- **What you are asked to do**
Exactly as they appear, retype the lines from the one containing "จากนั้นตอกไข่ไก่เข้าไปค๊าาา" through the final line of the data below. Leave pictures out.

- **Provided material**
⟨

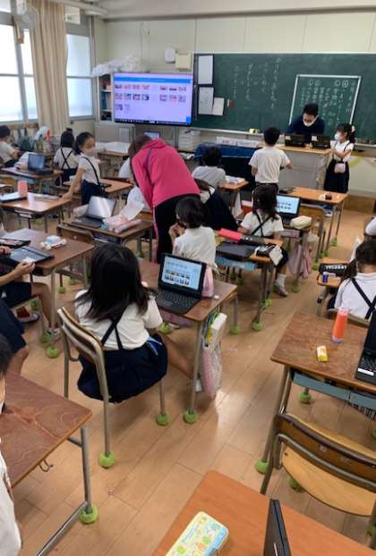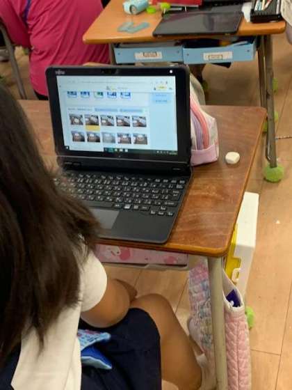 生活科で作った作品をタブレットで写真に撮って、大きな画面に一人一人が映し出していきます。
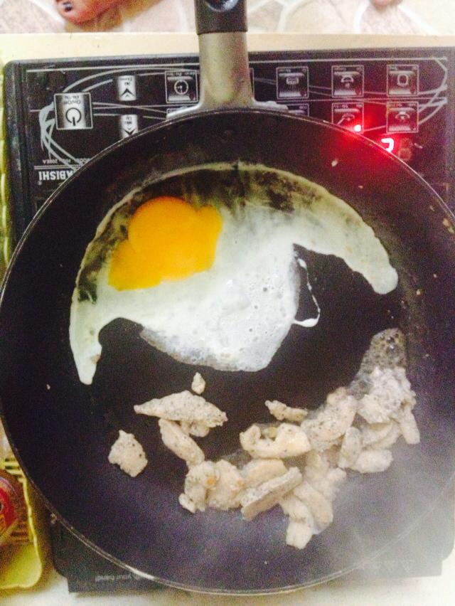 จากนั้นตอกไข่ไก่เข้าไปค๊าาา
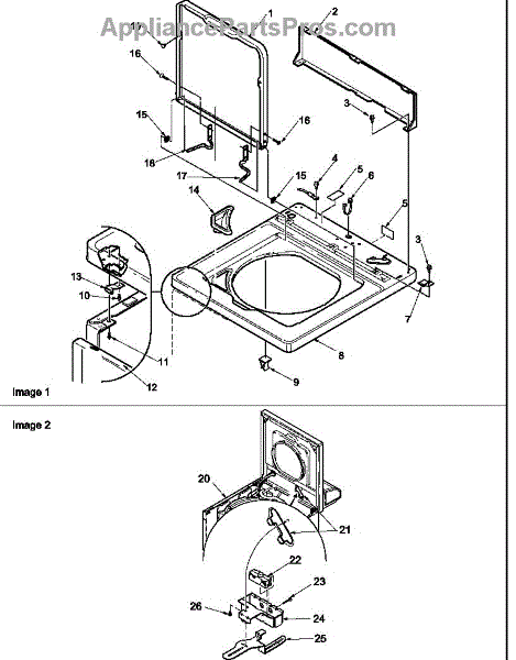 Parts for Speed Queen LWS34AW-PLWS34AW: Cabinet Top, Loading Door, And Door Switch Parts

⟩

- **Result of the exercise**
 จากนั้นตอกไข่ไก่เข้าไปค๊าาา
 Parts for Speed Queen LWS34AW-PLWS34AW: Cabinet Top, Loading Door, And Door Switch Parts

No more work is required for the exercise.